If you have a TiVo Series 3 or later and they say you must update your TiVo's firmware politely tell them no. That is their way to get you off the phone.


----------



## aaronwt

I'm done with trying to get help form Verizon on the phone. Chat seems to have better results for me. And it sounds like Twitter works too.


----------



## rich1383

I can confirm with others that 2 things fixed this problem for me after 3-4 calls each to TiVo TS and Fios TS:
1. Insist on a "manual reset" and have them read back all 3 IDs (CableCard ID/POD#, Host ID, and Data ID). Even though I had read the previous reps my Data ID, the info had been entered completely incorrectly (according to this evening's rep, who did fix the problem). I suspect that Fios TS either has huge gaps in training/knowledge of CableCard installs, or they may be intentionally messing the info up in the hopes of getting you to switch to their DVR rentals.
2. I read in one post that they fixed their problem by the above, *and* removing a cable splitter and wiring the wall cable directly to the TiVo for reset purposes. I did this as well; when all was working I put the splitter back in so my Fios wireless router could get the network connection as well.
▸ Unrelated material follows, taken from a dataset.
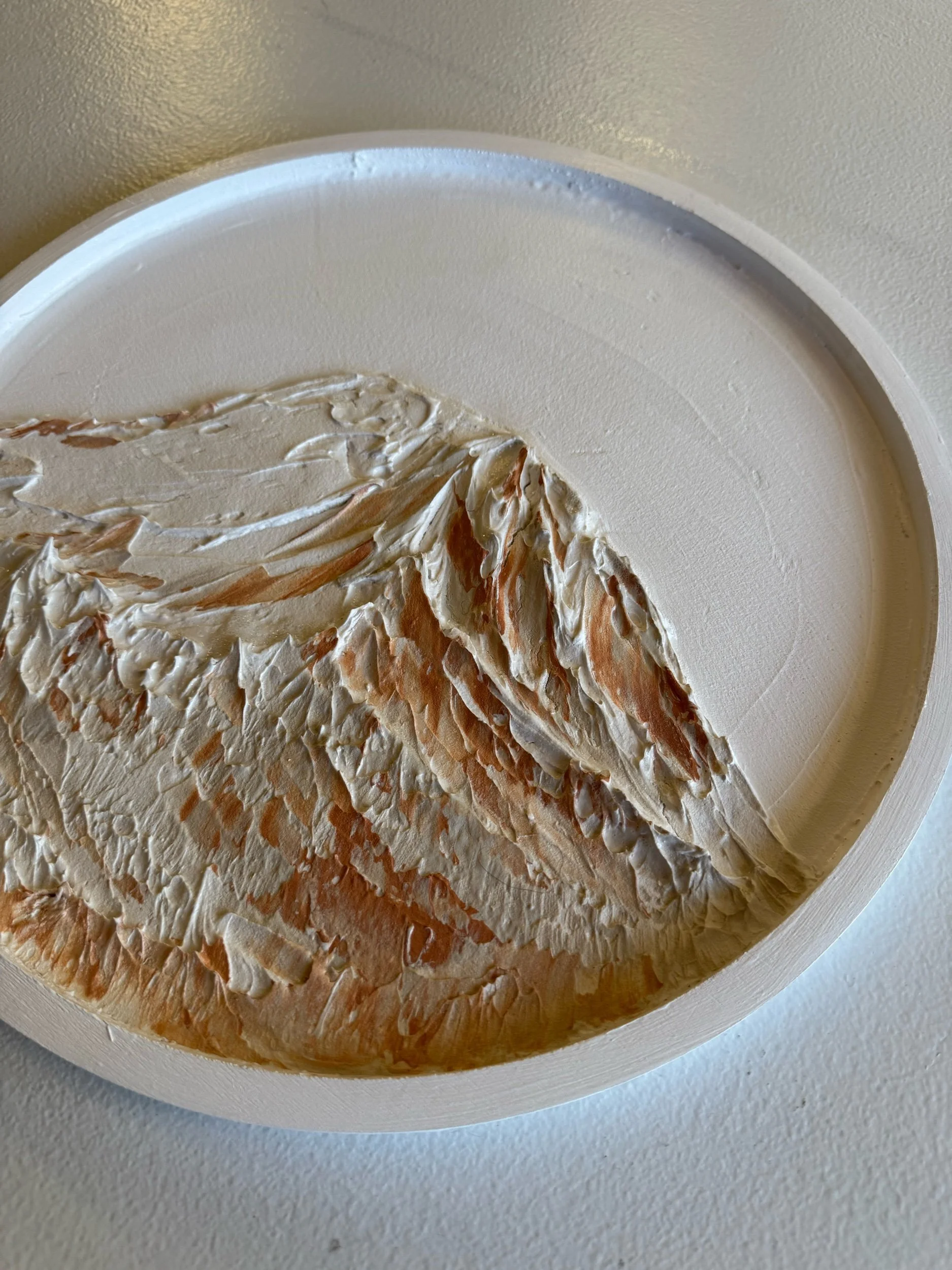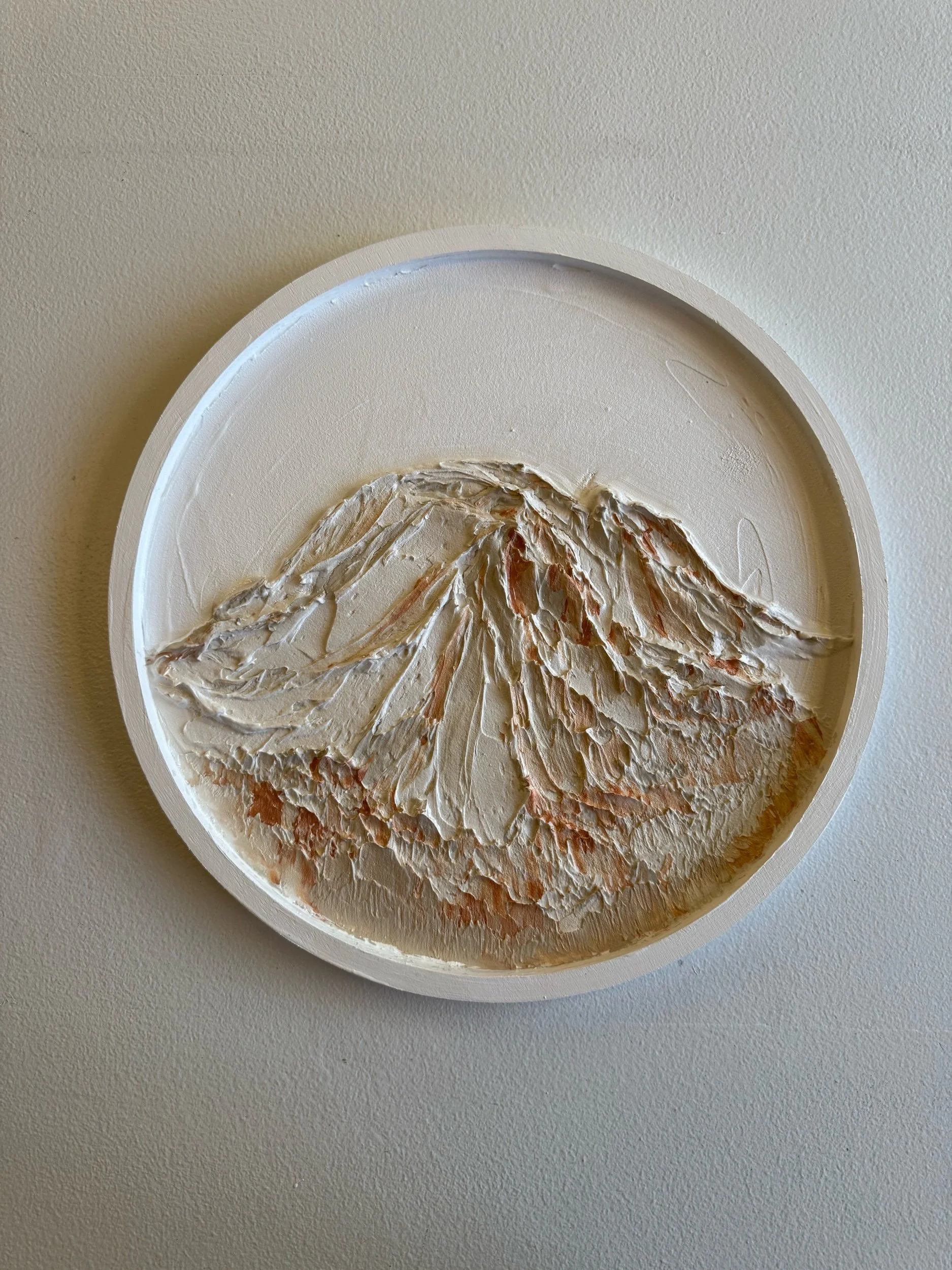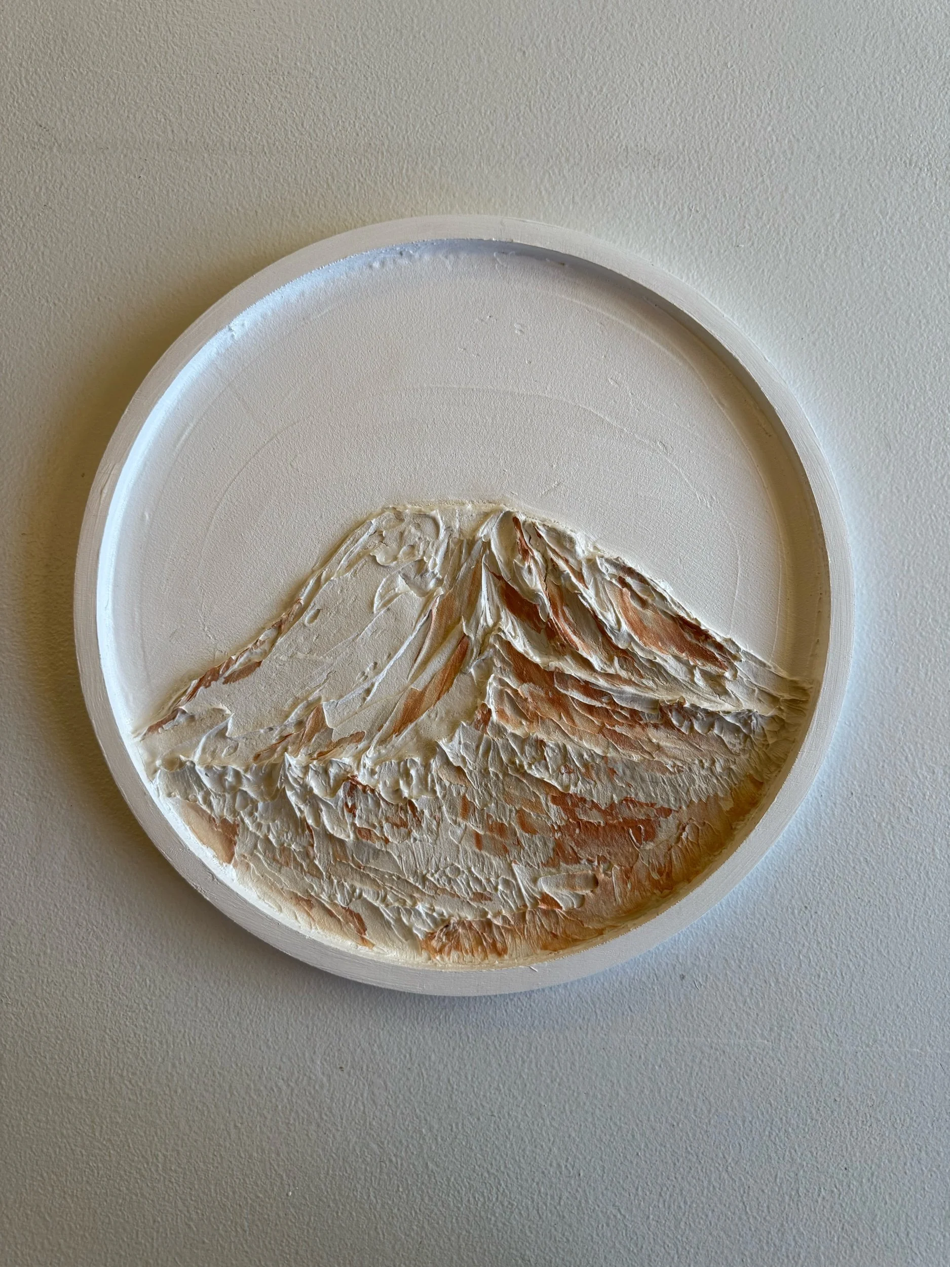 A framed 14” round original textured interpretation of Mount Rainier by PNW artist Erin Oostra.

I suspect it was only #1 that was needed - a diligent, courteous agent who listened and did the manual reset and carefully checked the entered information.

--TiVo Premiere 4 w/Verizon FIOS M-Card.


----------



## shadoh

Sooooooooooooooo.... *bump*

Has there been any definitive "checklist" created anywhere about all of this? I have had FiOS for quite a while now, but only recently tried adding HBO, and ran into similar nightmares as described in this thread - MANY hours on the phone and two new CableCARDS later, they finally got it working. Unfortunately, I had to go and tempt fate and I upgraded to a Roamio (from an S3 HD XL) - moved the CableCARD over, and not surprisingly, lost HBO (and channel 131). I tried the automated self re-activation, waited 30 minutes, and it didn't work. Called CS, and it again took another hour or so to re-activate it, despite my insistence that they look at the notes on my account - again, I had already spent hours on the phone with CS in the past week, and the previous person I had spoken to did her research and said she found the "known issue" between TiVos/CableCARDS/HBO/channel 131. I tried using all the buzzwords I read on this thread (Manual validation, Re-validate, CC reload, etc) and although the CS rep sounded competent, he still seemed insistent on following his little flowchart. Like I said, he eventually got it to work, but IT SHOULDN'T TAKE AN HOUR for such a simple task!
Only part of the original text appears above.